An Austrian artist who became known as the ‘enfant terrible’ of art for shows that featured dead animals and lashings of blood has died aged 83.
Hermann Nitsch died at a hospital in the Austrian town of Mistelbach on Monday after a serious illness, his wife said.
Nitsch, born in Vienna on Aug. 29, 1938, was versatile – with performance art, painting, sculpting and composing among his activities.

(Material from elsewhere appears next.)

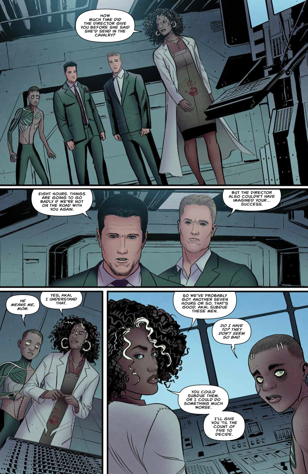 Synopsis: Dr. Baker holds Shelley and Byron in her underground lab as she unveils her rebooted son Akai for the first time.

He was a co-founder of Viennese Actionism and best known for his Theater of Orgies and Mysteries, conceived as a visceral synthesis of the arts.
It peaked with a ‘6-day Play’ in 1998, featuring more than 3,400 gallons of wine, hundreds of liters of blood, a kilogram of grapes and tomatoes, several animal carcasses and musical accompaniment.
Nitsch was part of the ‘Actionists’, a radical 1960s avant-garde movement known for skinning animal carcasses, tying up human bodies and using blood, mud and urine in their works.
His works and performances drew plenty of criticism.
In 1966, police in London were called to one of Nitsch’s performances at a venue on Fleet Street after a dead lamb was disembowelled live on stage, prompting complaints from witnesses.
And in 2017, Nitsch held a controversial live art show in Hobart Tasmania which featured a dead bull and its bloody entrails, along with performers who had been made to look as though they had been crucified.